How this skill works

The skill uploads or references video content (local file or public YouTube URL), optionally waits for processing, and sends the video to a Gemini model configured for video understanding. Responses can be requested as structured JSON with a summary, a transcript that includes timestamps and visual context, and an events array of MM:SS timeline entries.

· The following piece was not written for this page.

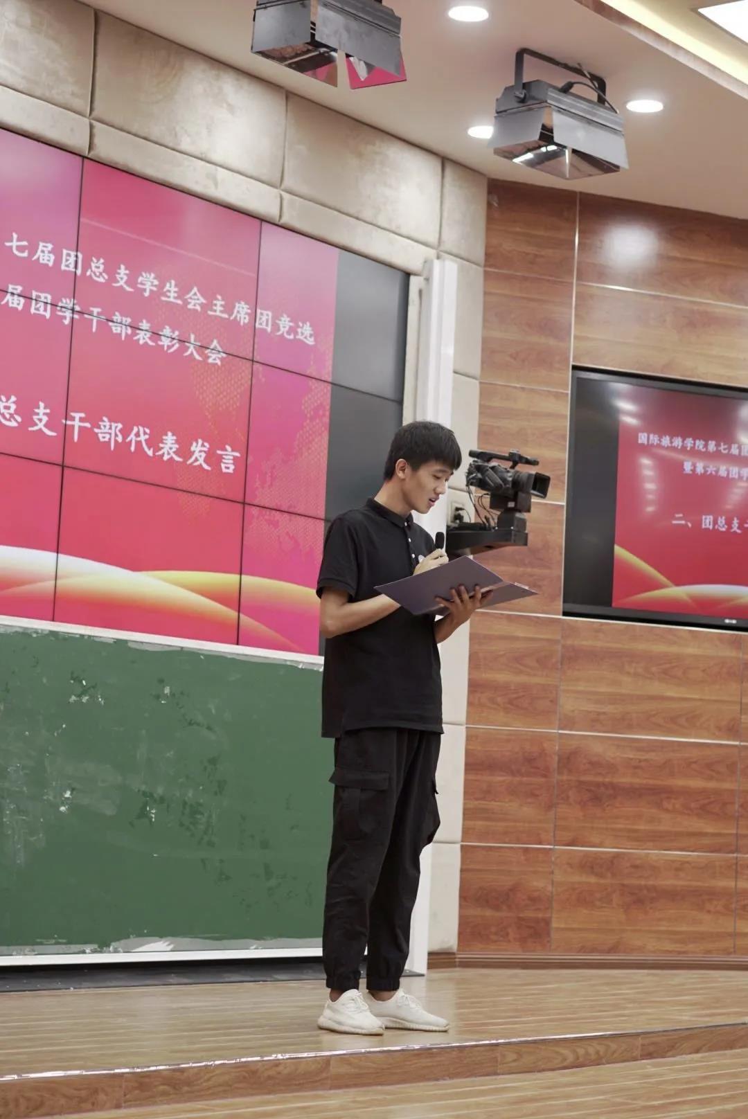 大会第二项,由团总支副书记林荣基对团总支工作进行总结汇报。他指出在过去的一年来,团总支在组织生活、青年理论学习、团日活动等方面取得不俗的成绩。成绩来之不易。团学干部应当继续发扬“三牛”精神和“砖头”精神,勤奋工作,也祝愿即将出去实习的干部实习顺利,前程似锦。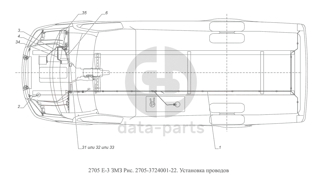 2705-3724001-22. Установка проводов ГАЗ-2705 (доп. с дв. ЗМЗ Е-3)

You can control token usage and fidelity by clipping segments, lowering FPS, or selecting higher-capacity models for complex reasoning.

When to use it

Summarize long videos into chapters or key points
Ask timestamped questions using MM:SS (e.g., "01:15")
Produce transcripts with speaker labels and optional visual descriptions
Detect scene changes and build a timeline of events
Clip long footage or lower FPS to reduce tokens and focus analysis
Compare multiple videos or analyze public YouTube URLs directly

Best practices

Use the File API for videos >20MB and poll until processing completes
Clip to relevant time ranges and lower FPS for static content to save tokens
Specify exact output format (MM:SS timestamps, number of events, transcript options) to improve reliability
Prefer gemini-2.5-pro for complex, long, or visually dense videos when high-quality reasoning is needed
Validate YouTube URLs are public and not age-restricted before requesting analysis

Example use cases

Summarize a 90-minute lecture into 5 chapter-style key points with timestamps
Transcribe an interview with speaker labels and visual descriptions of important gestures
Detect scene boundaries and export a timeline of key actions for editing
Clip and reanalyze a 10–30 second highlight for faster iteration and lower cost
Compare up to 10 sports clips to identify differences in tactics or key plays

FAQ

What file formats and sizes are supported?

Common video formats (MP4, MOV, AVI, WebM, etc.). Use inline bytes for small files (<20MB); use the File API for larger videos.

How should I request timestamped answers?

Use MM:SS format (for example, "01:15") and explicitly ask for timeline entries or answers tied to those timestamps.